Segundo a advogada especializada em comércio internacional Carol Monteiro, do escritório Monteiro & Weiss Trade, a instabilidade leva bancos, seguradoras e armadores a adotarem posturas mais conservadoras em relação à América Latina como um todo.

Custos, prazos e compliance sob pressão

Com o aumento da percepção de risco, instituições financeiras e operadores logísticos tendem a endurecer critérios de compliance, ampliar exigências de due diligence e revisar condições de financiamento. O resultado prático é o encarecimento das operações e a ampliação dos prazos de liberação de cargas.

A especialista destaca que a pressão não se limita a um episódio isolado, mas se soma a um contexto já marcado por cautela na região, influenciando decisões de logística, investimentos e financiamento do comércio.

Efeitos de curto e médio prazo

Os impactos costumam ocorrer em duas etapas. No curto prazo, ajustes imediatos atingem itens mais sensíveis ao risco, como seguros, fretes e prazos operacionais. Já no médio prazo, empresas passam a adotar mudanças estruturais para reduzir vulnerabilidades.
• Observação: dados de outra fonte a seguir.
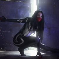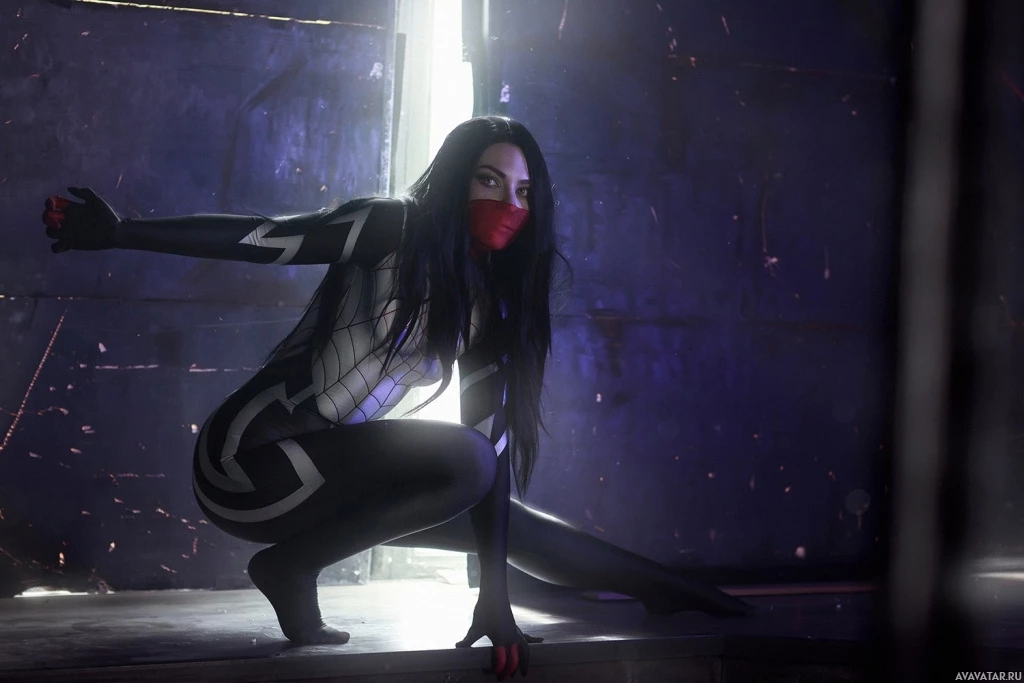 a cosplay outfit, representing the character Silk from Spider-Man. The costume is detailed with a suit and mask that are typical of Silk's appearance in the comics and movies. The individual is posed in

Entre as medidas mais comuns estão a diversificação de rotas, a revisão de contratos logísticos e o reforço de estoques estratégicos, como forma de mitigar riscos operacionais.

Recomendações aos exportadores brasileiros

Diante do cenário, Carol Monteiro recomenda que exportadores adotem estratégias preventivas e mantenham monitoramento constante dos riscos. O mapeamento de exposições indiretas, a identificação de rotas e operadores mais sensíveis à região e o fortalecimento das práticas de compliance e rastreabilidade são apontados como essenciais.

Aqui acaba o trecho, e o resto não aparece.